Functional Bias and Tangent-Space Geometry in Variational Inference

TL;DR

This paper introduces a geometric framework to analyze the bias in posterior functionals caused by variational inference, revealing how the structure of the variational family influences approximation accuracy.

Contribution

It develops a tangent-space geometric analysis of variational bias, explicitly characterizing how functional alignment and interaction components affect approximation errors.

Findings

Leading-order bias depends on orthogonality to the tangent space.

Structured mean-field families have block-additive tangent spaces.
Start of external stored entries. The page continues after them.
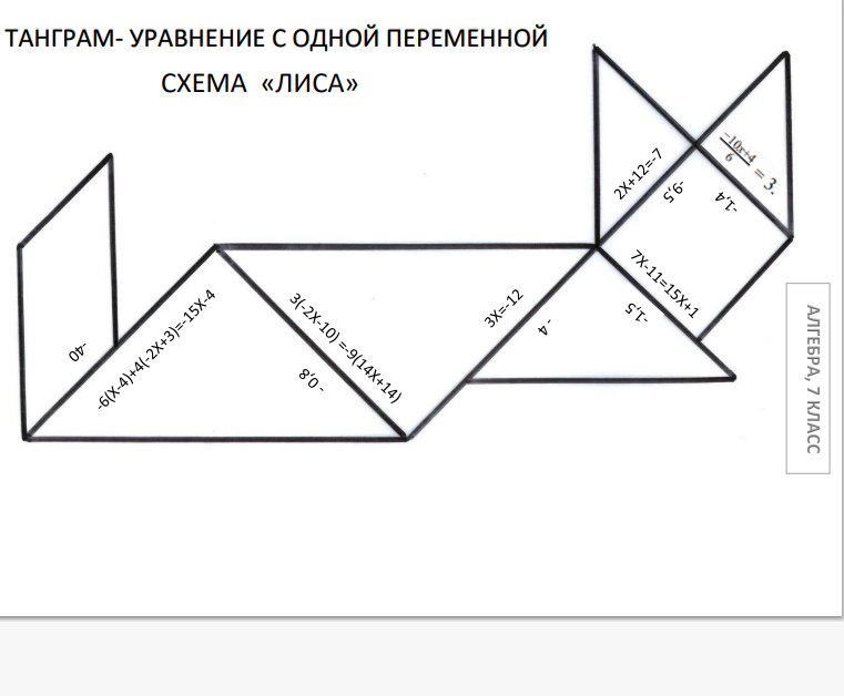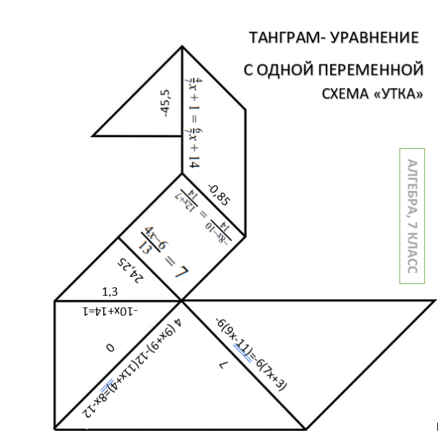 Цель использования танграма при изучении уравнений с одной переменной — визуализация абстрактных алгебраических понятий, развитие логического и пространственного мышления, а также повышение мотивации через игровую деятельность. Задачи включают соотнесение частей целого с элементами уравнения (коэффициенты, корни), конструирование геометрических фигур по заданным числовым параметрам и развитие навыков самостоятельного решения.
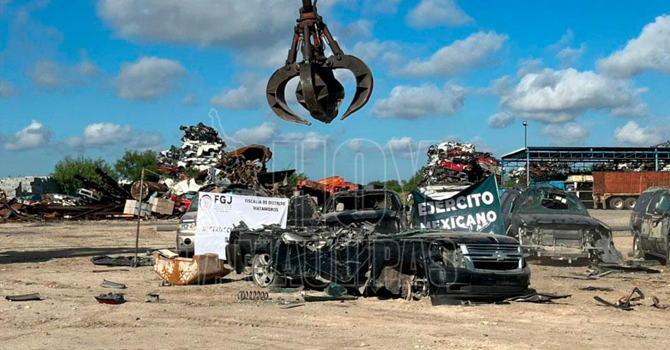 Destruyen 15 vehículos con blindaje artesanal en Matamoros
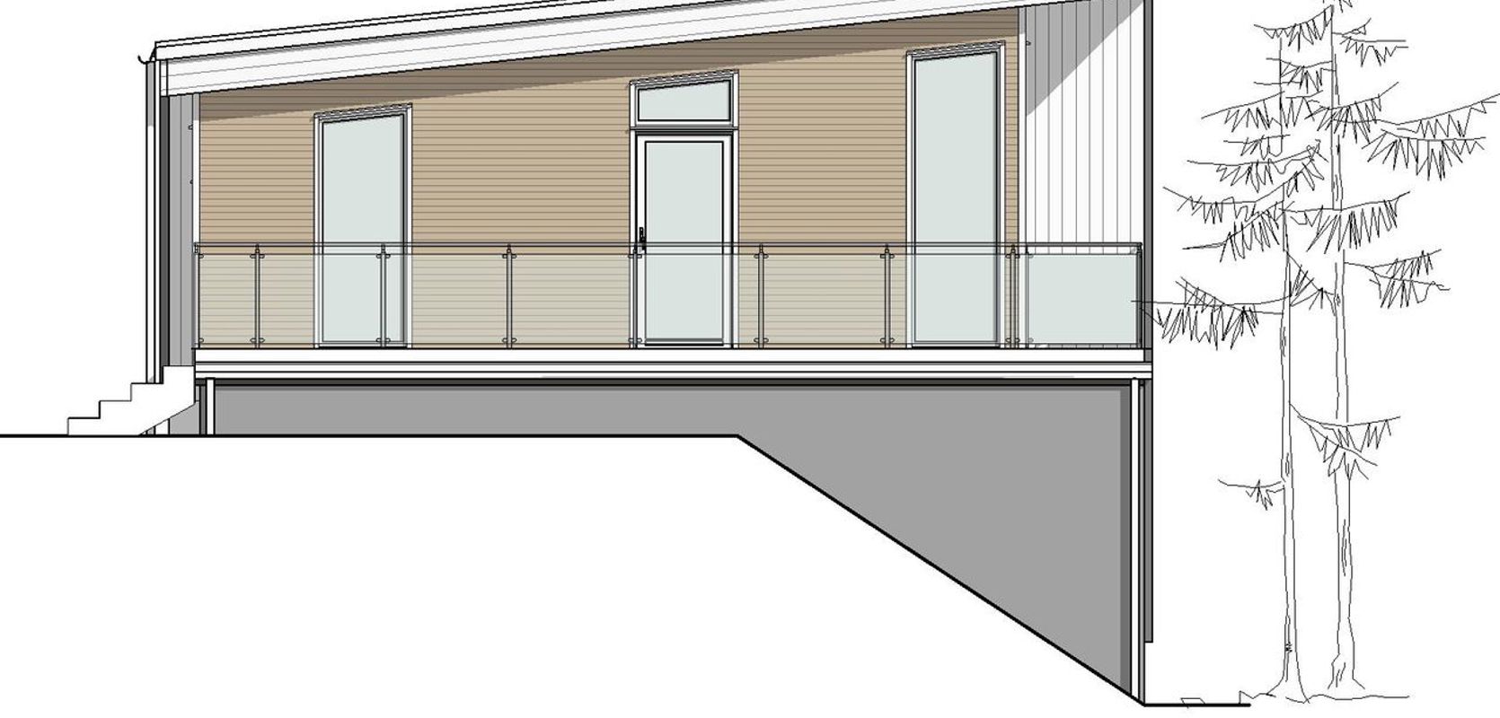 Opplev det moderne designet til denne store eneboligen med en spennende og stram fasade, preget av rene linjer og store vindusflater. To balkonger og terrassen er omgitt av glassrekkverk, som skaper en spennende kontrast til den liggende kledningen i tre.
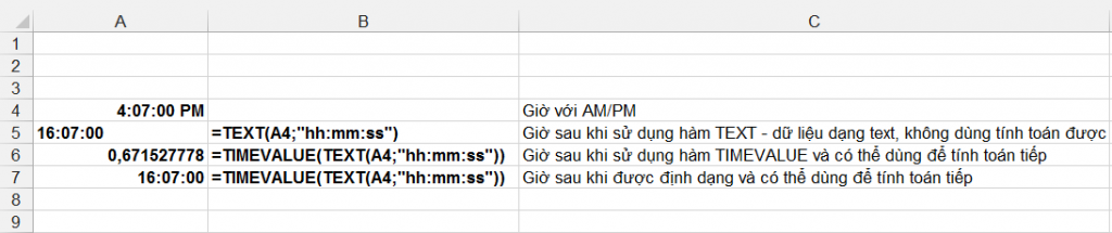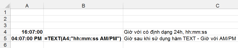 Muốn chuyển định dạng thời gian trong Excel từ 24h sang dạng AM/PM, chúng ta có thể áp dụng công thức text như sau:
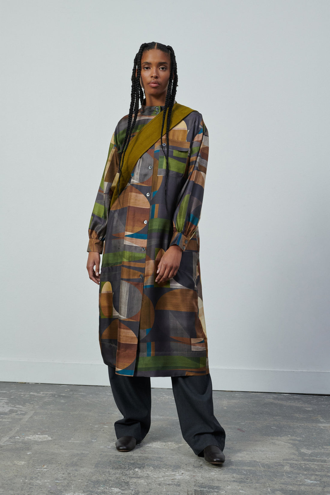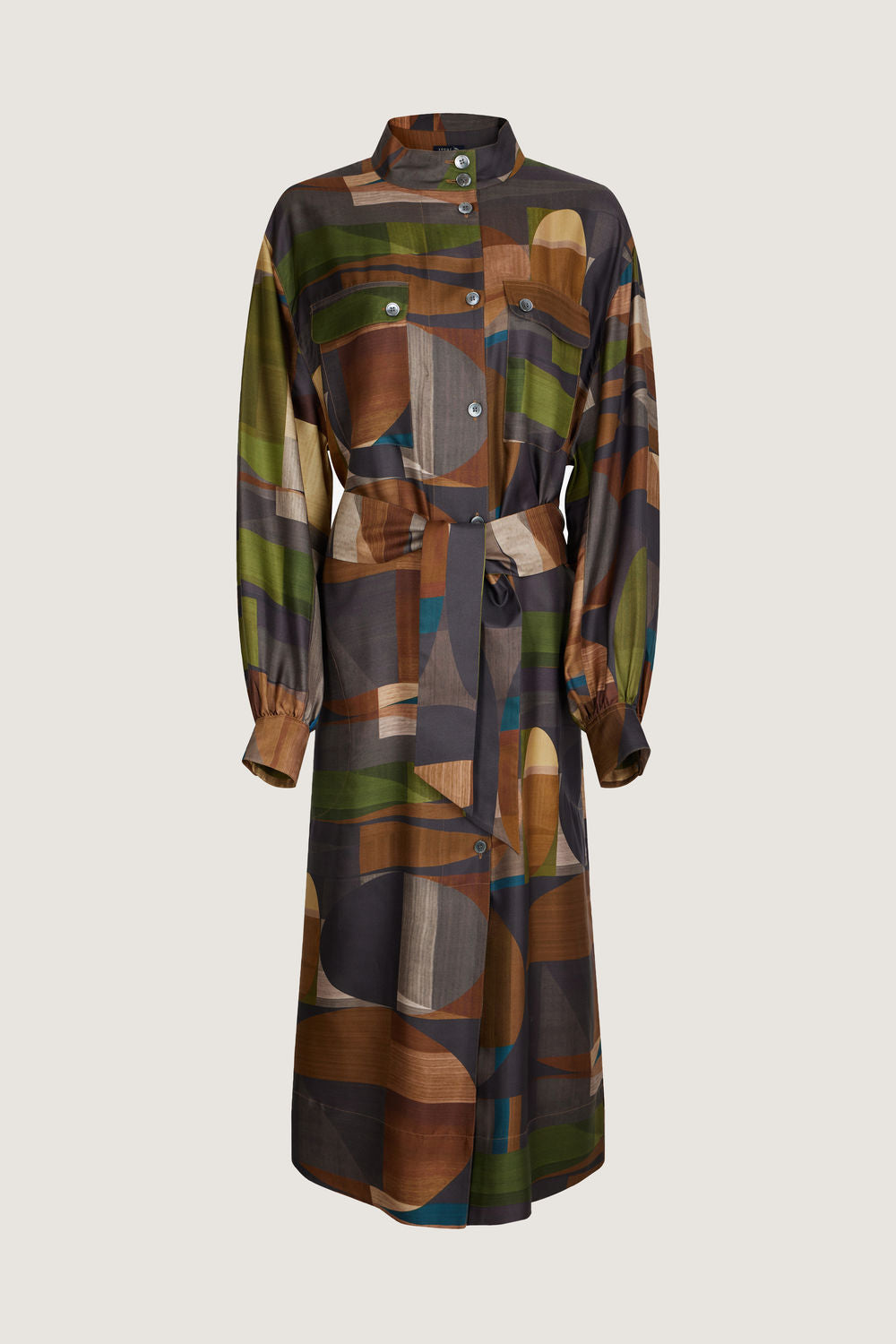 Robe col boutonné en twill de soie imprimé vert/marron

Omitted interactions cause first-order distortions in dependence measures.

Abstract

Variational inference approximates Bayesian posterior distributions by projecting onto a tractable family of distributions. While most theoretical analyses evaluate the quality of this approximation using global divergence measures, many applications rely on specific posterior summaries such as expectations, variances, or tail probabilities. We develop a geometric framework for analyzing the bias of posterior functionals under variational approximations. We show that the leading-order bias of a posterior functional is determined by its component orthogonal to the variational tangent space induced by the variational family. Functionals aligned with this space incur only second-order bias. For structured mean-field variational families we characterize the tangent space explicitly and show that it consists of block-additive functions of the parameter blocks, while interaction components determine the leading-order bias. Under standard local asymptotic normality conditions we further derive explicit asymptotic expansions for the bias of posterior functionals and show that omitted interaction directions produce first-order distortion of cross-block dependence measures. These results provide a geometric explanation for several well-known properties of mean-field variational inference, including the systematic distortion of cross-block dependencies.